Collection entries
======
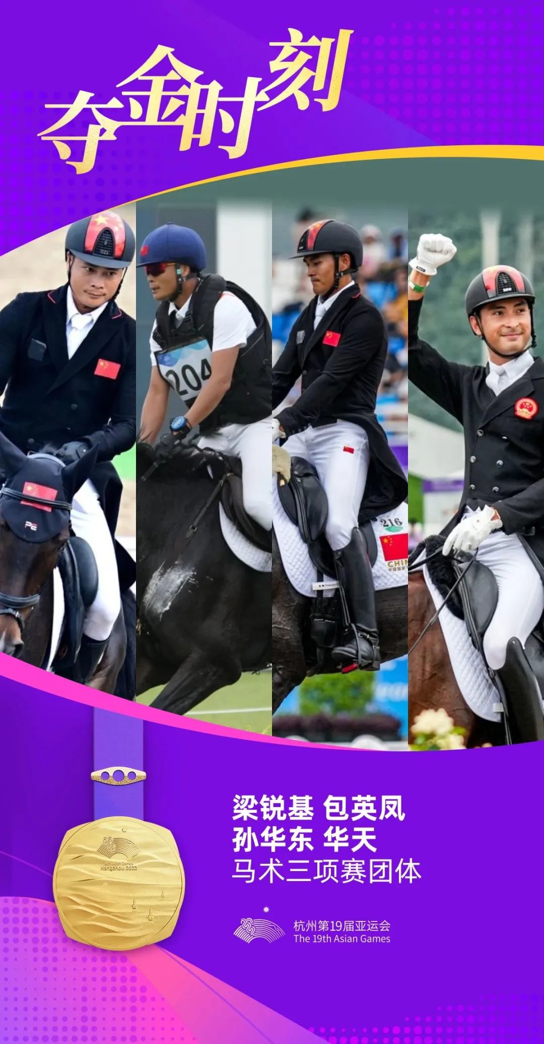 中国队夺金海报。亚运会官方图
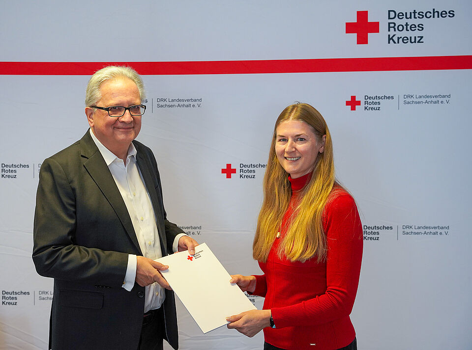 Die Spendenübergabe fand am 1. Oktober 2025 in der Landesgeschäftsstelle des DRK Sachsen-Anhalt in Magdeburg statt. Dr. Carlhans Uhle, Landesgeschäftsführer des DRK Sachsen-Anhalt, übergab dabei symbolisch die Spendengelder an Kerstin Godenrath, Landesvorsitzende des WEISSEN RINGS in Sachsen-Anhalt.
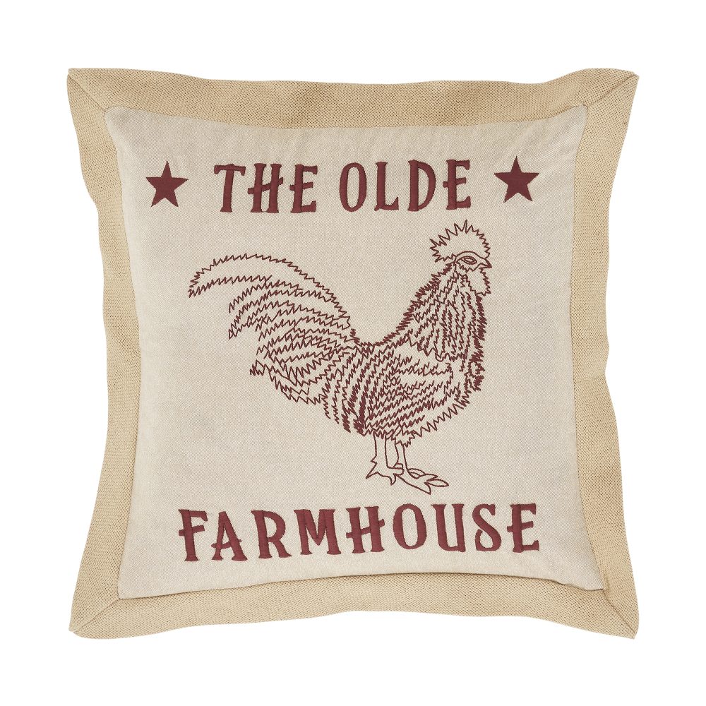 - COUNTRY EMBROIDERY: Old-fashioned embroidery adds western charm with The Olde Farmhouse embroidered in barn red with two five-point star accents. A central embroidery of a rooster adds a playful element that vintage farmhouse lovers and chicken enthusiasts alike will enjoy.
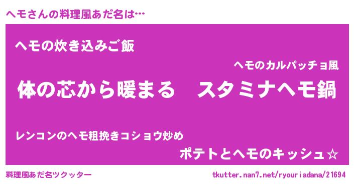 | ポケモン風あだ名 | 『ヘモダネ』『メロヘッモ』『ヒヘモ』 |
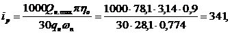 nм = 30ipωп/π = 30∙341∙0,774/3,14 = 2522 об/мин
======
**What to do**
Give again the stretch of lines above from the one with "Die Spendenübergabe fand" through the one with "- COUNTRY EMBROIDERY: Old-fashioned", both ends kept, and copy no pictures.

**Task answer**
 Die Spendenübergabe fand am 1. Oktober 2025 in der Landesgeschäftsstelle des DRK Sachsen-Anhalt in Magdeburg statt. Dr. Carlhans Uhle, Landesgeschäftsführer des DRK Sachsen-Anhalt, übergab dabei symbolisch die Spendengelder an Kerstin Godenrath, Landesvorsitzende des WEISSEN RINGS in Sachsen-Anhalt.
 - COUNTRY EMBROIDERY: Old-fashioned embroidery adds western charm with The Olde Farmhouse embroidered in barn red with two five-point star accents. A central embroidery of a rooster adds a playful element that vintage farmhouse lovers and chicken enthusiasts alike will enjoy.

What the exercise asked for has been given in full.